**What to do**
Drop every picture, then transcribe the remaining data exactly.

Stored data:

* * *

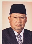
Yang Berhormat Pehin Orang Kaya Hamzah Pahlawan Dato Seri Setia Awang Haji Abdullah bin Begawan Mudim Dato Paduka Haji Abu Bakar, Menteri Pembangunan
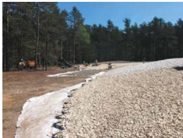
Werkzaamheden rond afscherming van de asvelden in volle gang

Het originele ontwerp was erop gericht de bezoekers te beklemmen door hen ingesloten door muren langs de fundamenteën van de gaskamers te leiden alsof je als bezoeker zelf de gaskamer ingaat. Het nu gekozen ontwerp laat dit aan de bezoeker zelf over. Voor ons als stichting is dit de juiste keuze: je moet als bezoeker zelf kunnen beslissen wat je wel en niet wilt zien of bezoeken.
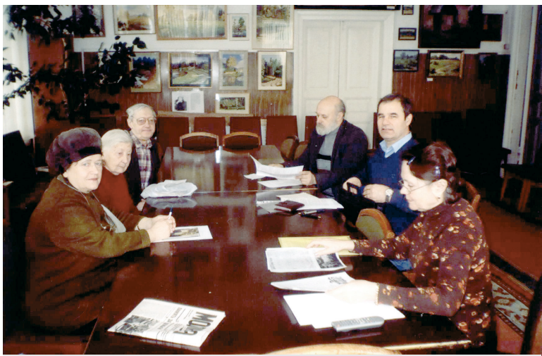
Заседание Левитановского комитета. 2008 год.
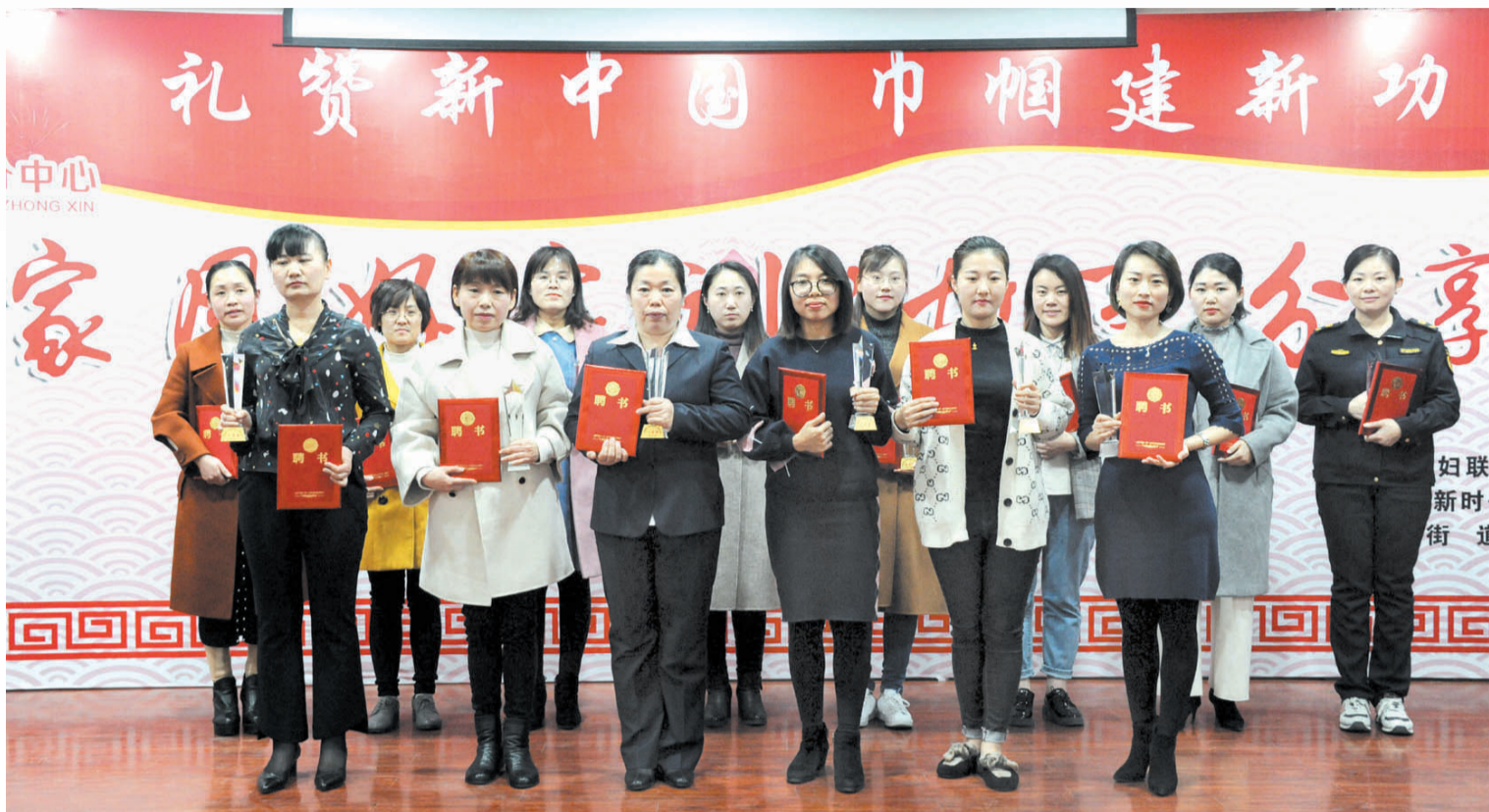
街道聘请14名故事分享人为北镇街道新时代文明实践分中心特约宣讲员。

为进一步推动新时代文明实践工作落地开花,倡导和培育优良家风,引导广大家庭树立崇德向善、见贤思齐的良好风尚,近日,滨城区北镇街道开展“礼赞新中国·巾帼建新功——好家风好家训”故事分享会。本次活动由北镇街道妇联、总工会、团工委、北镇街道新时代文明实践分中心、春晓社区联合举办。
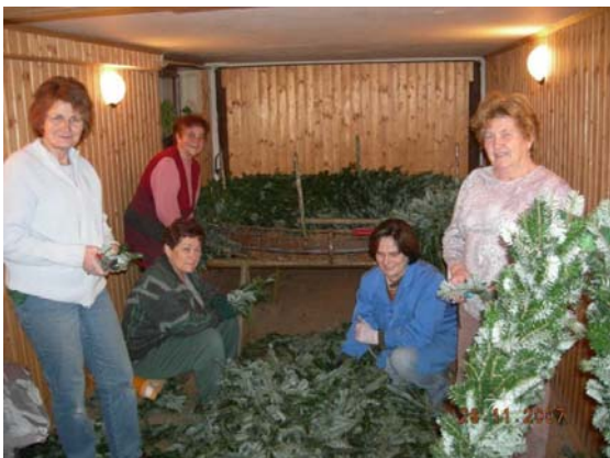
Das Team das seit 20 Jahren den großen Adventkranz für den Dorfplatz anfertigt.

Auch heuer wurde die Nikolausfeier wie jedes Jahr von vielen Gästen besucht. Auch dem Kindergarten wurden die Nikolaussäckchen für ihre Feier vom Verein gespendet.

* * *

**Solved problem**
Yang Berhormat Pehin Orang Kaya Hamzah Pahlawan Dato Seri Setia Awang Haji Abdullah bin Begawan Mudim Dato Paduka Haji Abu Bakar, Menteri Pembangunan
Werkzaamheden rond afscherming van de asvelden in volle gang

Het originele ontwerp was erop gericht de bezoekers te beklemmen door hen ingesloten door muren langs de fundamenteën van de gaskamers te leiden alsof je als bezoeker zelf de gaskamer ingaat. Het nu gekozen ontwerp laat dit aan de bezoeker zelf over. Voor ons als stichting is dit de juiste keuze: je moet als bezoeker zelf kunnen beslissen wat je wel en niet wilt zien of bezoeken.
Заседание Левитановского комитета. 2008 год.
街道聘请14名故事分享人为北镇街道新时代文明实践分中心特约宣讲员。

为进一步推动新时代文明实践工作落地开花,倡导和培育优良家风,引导广大家庭树立崇德向善、见贤思齐的良好风尚,近日,滨城区北镇街道开展“礼赞新中国·巾帼建新功——好家风好家训”故事分享会。本次活动由北镇街道妇联、总工会、团工委、北镇街道新时代文明实践分中心、春晓社区联合举办。
Das Team das seit 20 Jahren den großen Adventkranz für den Dorfplatz anfertigt.

Auch heuer wurde die Nikolausfeier wie jedes Jahr von vielen Gästen besucht. Auch dem Kindergarten wurden die Nikolaussäckchen für ihre Feier vom Verein gespendet.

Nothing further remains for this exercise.